After developing calculus, actuarial tables, and the mechanical calculator, and introducing the phrase “best of all possible worlds,” Gottfried Leibniz was still not satisfied with his life’s work. The 17th-century polymath had envisioned since childhood the creation of what he termed a characteristica universalis—a language perfectly designed to represent all scientific truths which would make the process of discovering new insights as simple as composing grammatically correct sentences. This "alphabet of human thought" was intended to eliminate falsehoods and ambiguity, and Leibniz continued to work on it until his death.
In modern times, a version of Leibniz’s ambition persists within programming languages. Although these languages do not encapsulate the entirety of the physical and philosophical universe, they represent the next closest thing—binary code, composed of ones and zeroes (another of Leibniz’s inventions), which forms a computer’s internal state. Computer scientists who dare to create new languages pursue their own characteristica universalis, aspiring to devise systems that enable developers to craft code so expressive that it eliminates any hiding place for bugs and is so clear that comments, documentation, and unit tests become redundant.
This expressiveness, naturally, is influenced as much by personal preferences as it is by information theory. Just as the music album Countdown to Ecstasy inspired a lifelong appreciation for Steely Dan in one individual, their preference in programming languages was most significantly shaped by the first language they learned independently—Objective-C.
Some may compare attempting to describe Objective-C as a metaphysically divine or even a quality language to appreciating Shakespeare in Pig Latin. Objective-C is, at most, divisive. Criticized for its verbosity and unusual square brackets, it remained primarily in use for developing Mac and iPhone apps, and might have vanished in the early 1990s if not for an unexpected twist of fate. Despite this, while working as a software engineer in San Francisco in the early 2010s, one individual frequently found themselves defending the language’s more cumbersome design choices in SoMa dive bars or in the comments sections of HackerNews.

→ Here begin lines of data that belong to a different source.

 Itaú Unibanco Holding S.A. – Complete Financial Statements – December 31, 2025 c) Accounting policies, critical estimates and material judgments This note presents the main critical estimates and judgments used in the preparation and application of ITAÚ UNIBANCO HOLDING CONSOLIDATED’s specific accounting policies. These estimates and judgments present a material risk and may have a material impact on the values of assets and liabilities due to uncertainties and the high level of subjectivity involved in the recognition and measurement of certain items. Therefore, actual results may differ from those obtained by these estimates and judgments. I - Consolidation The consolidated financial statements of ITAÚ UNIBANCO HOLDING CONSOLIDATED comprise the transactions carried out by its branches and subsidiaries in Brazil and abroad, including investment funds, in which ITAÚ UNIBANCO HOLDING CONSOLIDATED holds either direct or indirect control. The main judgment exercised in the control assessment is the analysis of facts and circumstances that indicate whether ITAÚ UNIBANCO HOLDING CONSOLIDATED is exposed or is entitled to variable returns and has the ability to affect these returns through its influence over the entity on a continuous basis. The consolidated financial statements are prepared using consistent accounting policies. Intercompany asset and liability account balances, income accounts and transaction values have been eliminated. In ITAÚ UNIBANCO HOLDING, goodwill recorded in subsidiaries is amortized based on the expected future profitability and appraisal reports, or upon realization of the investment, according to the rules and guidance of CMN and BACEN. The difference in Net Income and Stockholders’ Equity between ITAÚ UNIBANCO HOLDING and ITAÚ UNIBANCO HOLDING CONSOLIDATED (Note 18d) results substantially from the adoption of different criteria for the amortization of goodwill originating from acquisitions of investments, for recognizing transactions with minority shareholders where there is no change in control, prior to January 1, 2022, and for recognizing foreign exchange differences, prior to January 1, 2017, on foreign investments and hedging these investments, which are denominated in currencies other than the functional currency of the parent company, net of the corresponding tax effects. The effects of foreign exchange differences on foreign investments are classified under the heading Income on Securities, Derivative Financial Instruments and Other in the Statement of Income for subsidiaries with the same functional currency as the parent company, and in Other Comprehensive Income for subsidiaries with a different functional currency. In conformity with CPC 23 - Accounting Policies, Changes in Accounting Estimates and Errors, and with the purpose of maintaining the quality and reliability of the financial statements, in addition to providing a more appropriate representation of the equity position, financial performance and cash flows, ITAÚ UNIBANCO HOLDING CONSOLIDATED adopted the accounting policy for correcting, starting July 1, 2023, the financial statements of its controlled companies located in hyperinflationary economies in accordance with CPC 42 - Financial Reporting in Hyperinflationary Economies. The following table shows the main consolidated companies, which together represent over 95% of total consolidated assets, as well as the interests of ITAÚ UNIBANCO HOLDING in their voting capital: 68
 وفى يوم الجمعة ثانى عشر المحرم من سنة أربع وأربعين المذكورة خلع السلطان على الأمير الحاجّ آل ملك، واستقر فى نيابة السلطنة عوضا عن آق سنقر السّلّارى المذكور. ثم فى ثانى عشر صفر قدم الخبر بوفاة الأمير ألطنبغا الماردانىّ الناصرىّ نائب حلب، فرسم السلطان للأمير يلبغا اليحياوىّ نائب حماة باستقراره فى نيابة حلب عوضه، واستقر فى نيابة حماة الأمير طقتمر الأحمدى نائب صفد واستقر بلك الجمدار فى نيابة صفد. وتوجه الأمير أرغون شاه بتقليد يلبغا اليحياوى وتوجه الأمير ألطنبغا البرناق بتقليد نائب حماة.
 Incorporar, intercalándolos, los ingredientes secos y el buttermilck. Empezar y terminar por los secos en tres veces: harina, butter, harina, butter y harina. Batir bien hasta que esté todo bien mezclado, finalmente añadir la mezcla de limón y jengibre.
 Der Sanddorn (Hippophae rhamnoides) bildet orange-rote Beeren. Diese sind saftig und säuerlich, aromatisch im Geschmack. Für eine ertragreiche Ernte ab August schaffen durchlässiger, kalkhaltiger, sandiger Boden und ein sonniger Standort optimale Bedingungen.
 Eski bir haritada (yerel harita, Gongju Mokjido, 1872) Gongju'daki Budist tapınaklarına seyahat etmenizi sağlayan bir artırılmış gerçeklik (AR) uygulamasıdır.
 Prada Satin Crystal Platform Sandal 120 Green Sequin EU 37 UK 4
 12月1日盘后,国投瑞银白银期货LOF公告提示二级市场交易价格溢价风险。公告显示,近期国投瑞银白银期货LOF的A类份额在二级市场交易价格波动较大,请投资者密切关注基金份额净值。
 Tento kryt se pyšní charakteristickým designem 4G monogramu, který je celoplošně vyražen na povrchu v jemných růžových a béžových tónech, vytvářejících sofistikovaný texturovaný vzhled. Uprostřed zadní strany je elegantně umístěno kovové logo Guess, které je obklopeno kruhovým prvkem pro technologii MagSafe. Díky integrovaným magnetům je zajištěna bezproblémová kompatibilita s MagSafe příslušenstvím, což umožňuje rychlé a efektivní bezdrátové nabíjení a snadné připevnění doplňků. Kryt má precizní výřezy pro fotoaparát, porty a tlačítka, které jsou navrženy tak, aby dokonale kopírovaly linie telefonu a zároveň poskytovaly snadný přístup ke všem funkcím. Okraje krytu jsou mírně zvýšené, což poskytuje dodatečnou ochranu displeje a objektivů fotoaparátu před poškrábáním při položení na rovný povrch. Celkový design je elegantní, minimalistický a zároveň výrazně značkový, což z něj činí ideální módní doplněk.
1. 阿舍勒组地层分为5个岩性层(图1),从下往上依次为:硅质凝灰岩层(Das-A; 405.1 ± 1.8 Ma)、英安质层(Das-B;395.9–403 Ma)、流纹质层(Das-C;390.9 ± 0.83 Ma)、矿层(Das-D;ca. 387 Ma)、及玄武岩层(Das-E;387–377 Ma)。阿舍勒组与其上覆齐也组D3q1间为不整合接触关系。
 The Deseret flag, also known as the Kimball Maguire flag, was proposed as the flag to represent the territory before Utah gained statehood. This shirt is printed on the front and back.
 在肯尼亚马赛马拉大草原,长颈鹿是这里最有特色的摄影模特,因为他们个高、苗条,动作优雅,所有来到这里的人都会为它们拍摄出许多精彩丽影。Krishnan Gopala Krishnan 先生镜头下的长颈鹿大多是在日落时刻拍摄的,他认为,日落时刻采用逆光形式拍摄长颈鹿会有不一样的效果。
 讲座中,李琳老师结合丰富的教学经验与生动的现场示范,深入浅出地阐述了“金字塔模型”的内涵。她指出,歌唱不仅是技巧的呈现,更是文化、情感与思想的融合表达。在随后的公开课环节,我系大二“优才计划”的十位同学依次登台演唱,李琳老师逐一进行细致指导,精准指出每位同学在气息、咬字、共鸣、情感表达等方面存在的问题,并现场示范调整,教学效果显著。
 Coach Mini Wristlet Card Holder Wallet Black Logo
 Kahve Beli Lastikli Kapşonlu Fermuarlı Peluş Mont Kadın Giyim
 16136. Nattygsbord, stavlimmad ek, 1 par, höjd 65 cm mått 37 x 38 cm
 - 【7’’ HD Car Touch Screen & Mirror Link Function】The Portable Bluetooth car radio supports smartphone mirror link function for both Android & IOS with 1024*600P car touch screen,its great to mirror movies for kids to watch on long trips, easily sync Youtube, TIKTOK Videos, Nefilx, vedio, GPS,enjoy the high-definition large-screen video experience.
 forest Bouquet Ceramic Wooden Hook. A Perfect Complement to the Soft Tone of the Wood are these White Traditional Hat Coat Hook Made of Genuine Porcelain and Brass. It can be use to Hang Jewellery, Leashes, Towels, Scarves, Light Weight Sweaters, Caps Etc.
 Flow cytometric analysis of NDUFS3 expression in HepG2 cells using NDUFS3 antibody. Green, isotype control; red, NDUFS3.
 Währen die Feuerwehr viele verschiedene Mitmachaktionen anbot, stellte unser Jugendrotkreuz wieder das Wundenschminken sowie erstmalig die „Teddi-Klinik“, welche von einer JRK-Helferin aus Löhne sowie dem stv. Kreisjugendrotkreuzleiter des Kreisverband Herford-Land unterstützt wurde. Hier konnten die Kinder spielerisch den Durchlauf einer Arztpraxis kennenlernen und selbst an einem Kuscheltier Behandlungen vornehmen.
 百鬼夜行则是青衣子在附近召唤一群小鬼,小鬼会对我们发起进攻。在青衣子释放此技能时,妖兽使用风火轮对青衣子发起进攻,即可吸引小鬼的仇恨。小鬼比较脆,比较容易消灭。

Objective-C entered their life when it was most needed. As a rising college senior who had discovered an interest in computer science too late to major in it, they found themselves in entry-level software engineering classes with more adept, younger peers. With smartphones beginning to gain popularity, yet no mobile development courses available at their college, they identified a niche. That summer, they learned Objective-C from a cowboy-themed book series titled The Big Nerd Ranch. Watching code written on a big screen illuminate the pixels of a small screen in their hand for the first time, they experienced the exhilarating sensation of limitless self-expression and believed they could create anything they imagined. They had encountered what felt like a truly universal language—until this perception changed.
Objective-C emerged during the spirited early days of the object-oriented programming era and, by usual standards, should not have persisted beyond it. By the 1980s, software projects had become too vast for individuals or even single teams to handle alone. Xerox PARC computer scientist Alan Kay introduced object-oriented programming to facilitate collaboration, organizing code into reusable “objects” that communicate by sending “messages” to each other. For example, a programmer could create a Timer object capable of receiving messages like start, stop, and readTime. These objects could then be reused in different software programs. During the 1980s, enthusiasm for object-oriented programming was so strong that new languages were being released every few months, and computer scientists speculated that a “software industrial revolution” was imminent.
In 1983, software engineers Tom Love and Brad Cox from International Telephone & Telegraph merged object-oriented programming with the popular, readable syntax of the C programming language to develop Objective-C. They established a short-lived company to license the language and sell object libraries, and before the company went under, they secured a pivotal client: NeXT, the computer firm founded by Steve Jobs following his departure from Apple. When Jobs returned to Apple in 1997, he brought NeXT’s operating system, along with Objective-C. For the subsequent 17 years, the creation of Cox and Love powered products from the world’s most influential technology company.
Acquaintance with Objective-C came a decade and a half later. The sentence-like structure of objects and messages, marked by square brackets such as [self.timer increaseByNumberOfSeconds:60], was observed. These were not brief, Hemingway-esque sentences but lengthy, elaborate, Proustian ones, syntactically intricate and evoking vivid imagery with function names like scrollViewDidEndDragging:willDecelerate.